无法读取在 C++ 中运行的 shell 脚本中的变量

Question

I have a shell script that goes as follows:

#!/bin/sh

TESTOUTDIR=/home/speedster/test_dir

echo "Hello"
echo $TESTOUTDIR

When I run this directly from the command line, it prints "Hello" and the TESTOUTDIR variable which I have set as expected.

Now I am running this from a C++ program. My program is as follows:

#include <bits/stdc++.h>
using namespace std;

int main(int argc, char const *argv[]) {
    string runCommand = "/test.sh";
    system(runCommand.c_str());
}

When I run this I get the output as only "Hello". The variable is not getting printed. What can I do to fix this?

Answer 1

This should really be a comment, not an answer, but I don't have enough reputation to comment.

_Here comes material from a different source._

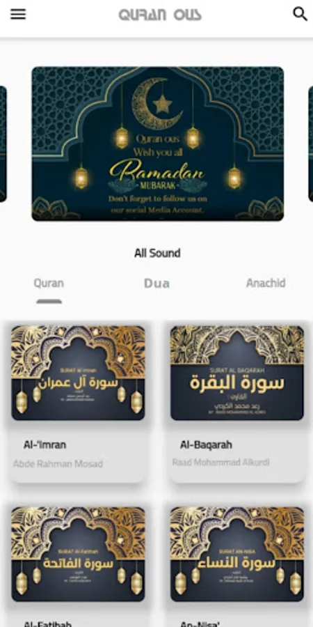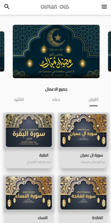 The Quran ous app is a digital application that allows users to access the surahs (chapters) of the Qur'an, supplications, and anashid (Islamic songs) on their mobile devices. The app features a user-friendly interface that makes it easy for users to navigate through the various sections of the Qur'an, including the different surahs and their corresponding verses.

I tested your code, and the TESTOUTDIR variable prints fine for me. Below is what I ran to test your code:

$ cat test.sh
#!/bin/sh

TESTOUTDIR=/home/speedster/test_dir

echo "Hello"
echo $TESTOUTDIR

$ cat test.cpp 
#include <bits/stdc++.h>
using namespace std;

int main(int argc, char const *argv[]) {
    string runCommand = "./test.sh";
    system(runCommand.c_str());
}

$ g++ test.cpp -o test_exec
$ ./test_exec 
Hello
/home/speedster/test_dir

I tested your code on Ubuntu 18.04 with g++ 7.5.0.

My sh executable is a symbolic link to dash , which is a POSIX shell. I also tested changing your shebang in test.sh to #!/bin/bash , and I continued to see your TESTOUTDIR printed as expected.

I suggest you confirm /test.sh contains the contents you expect.